On average, the tawny owls in our population delivered 3255 g (± 295 SE) of prey to their nest during the nestling period. Mammals constituted the largest mass in the delivered prey with 56% of total prey mass, 39% of the mass were birds, and 5% constituted of frogs and one lizard. In terms of prey types, the water voles (Arvicola amphibius), field voles (Microtus agrestis), bank voles (Myodes glareolus) and wood mice (Apodemus flavicollis) were the most important mammalian prey constituting 42.4% of the total prey mass. Among birds, thrushes were the biggest group with a total of 33.4% of the total prey mass (Supplementary Table 1).

Prey mass delivered to the nest showed no difference between father morphs (colour morph: F = 1.84, df = 30.36, p = 0.19), nor depending on the mammal index (small mammal index: F = 3.37, df = 3.12, p = 0.15) or their interaction (colour morph by small mammal index: F = -0.62, df = 32.0, p = 0.44). However, brood size was positively associated with prey mass (brood size: F = 18.23, df = 24.82, p < 0.001).

The diversity (number and evenness) of prey item types, estimated as the inverse Simpson’s diversity index (inverse SDI), was higher in nests sired by brown males than in those of grey males (Table 1, colour morph). Prey type diversity tended to be higher in years with higher small mammal abundance (Table 1, small mammal index), and this trend was strong only in nests sired by grey and less in those sired by brown males (Fig. 1; Table 1, colour morph by mammal index). Prey type diversity was not related to brood size (Table 1, brood size). The inverse SDI was not related to the morph of the mother (Supplementary Table 3).

Table 1 Results of a LMM of variation in inverse Simpson’s diversity index among prey items delivered to the nest in relation to paternal colour morph, small mammal index, brood size and the interaction paternal colour morph by small mammal index
Fig. 1
figure 1

The inverse Simpson’s diversity index of the prey items delivered by grey and brown fathers in relation to small mammal density index. A high value indicates high diversity (number and evenness) of prey types. The plot presents the marginal effects (± 95% CI) of the interaction in the statistical model (see “Material and Methods” section for details)

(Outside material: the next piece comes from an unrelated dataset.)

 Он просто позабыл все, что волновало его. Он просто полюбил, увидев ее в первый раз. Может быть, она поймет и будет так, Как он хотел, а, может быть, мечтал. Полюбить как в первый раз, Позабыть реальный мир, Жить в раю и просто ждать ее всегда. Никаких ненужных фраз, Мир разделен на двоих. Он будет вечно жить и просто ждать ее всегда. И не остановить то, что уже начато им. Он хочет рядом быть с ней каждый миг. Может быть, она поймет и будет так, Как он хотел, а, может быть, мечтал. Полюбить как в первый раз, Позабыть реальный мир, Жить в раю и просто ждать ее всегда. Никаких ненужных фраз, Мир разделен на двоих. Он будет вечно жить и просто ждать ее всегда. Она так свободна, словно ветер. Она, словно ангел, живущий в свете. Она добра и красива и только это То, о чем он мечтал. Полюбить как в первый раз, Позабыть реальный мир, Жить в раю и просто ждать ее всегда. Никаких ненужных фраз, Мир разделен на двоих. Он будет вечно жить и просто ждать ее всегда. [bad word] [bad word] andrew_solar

Grey fathers delivered a larger proportion of mammalian prey mass to their nestlings compared to brown fathers (Table 2a, colour morph). This effect depended on small mammal density, where the proportion of mammals in the diet delivered by brown males was lowest in low small mammal density and reached the level of the grey males in high small mammal densities (Fig. 2; Table 2a, colour morph by small mammal index). The proportion of mammal prey was higher in larger broods (Table 2a, brood size). The morph of the mother did not affect the proportion of mammalian prey mass (Supplementary Table 4).

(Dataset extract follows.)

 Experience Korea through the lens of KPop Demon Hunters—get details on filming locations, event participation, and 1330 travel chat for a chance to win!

Table 2 Results of a binomial GLMM of variation in the proportion of (a) mammalian prey type mass and (b) bird prey type mass among prey items delivered to the nest in relation to paternal colour morph, small mammal index, brood size and the interaction paternal colour morph by small mammal index
Fig. 2
figure 2

Proportion of mammalian prey mass delivered to the nest by grey and brown fathers in relation to small mammal density index. The plot presents the marginal effects (± 95% CI) of the interaction in the statistical model (see “Material and Methods” section for details)

Discussion

Within-species phenotypic variation in diet specialisation and its impact on population viability and adaptation is poorly understood. In order to achieve such information, we need empirical studies of natural populations where this variation can be monitored. Evidence is accumulating that colour polymorphism—a phenotypic marker for genetic polymorphism—is associated with morph-specificity in habitat use (Galeotti and Cesaris 1996; Dreiss et al. 2011; Passarotto et al. 2018; Koskenpato et al. 2020) and differential fitness depending on environmental conditions (Karell et al. 2011a; Emaresi et al. 2014; San-José et al. 2019). Such differences are expected to reflect variations in food resource use and diet specialisation. Here, we tested the hypothesis that colour polymorphism is linked with diet specialisation. We found that the diversity of prey delivered by tawny owl males to their nestlings differed depending on their colour morph and prevailing density of their staple food, small mammals. Prey brought by brown fathers had a higher diversity compared to that of the grey fathers, and this prey diversity variation between morphs depended on the overall mammalian prey availability.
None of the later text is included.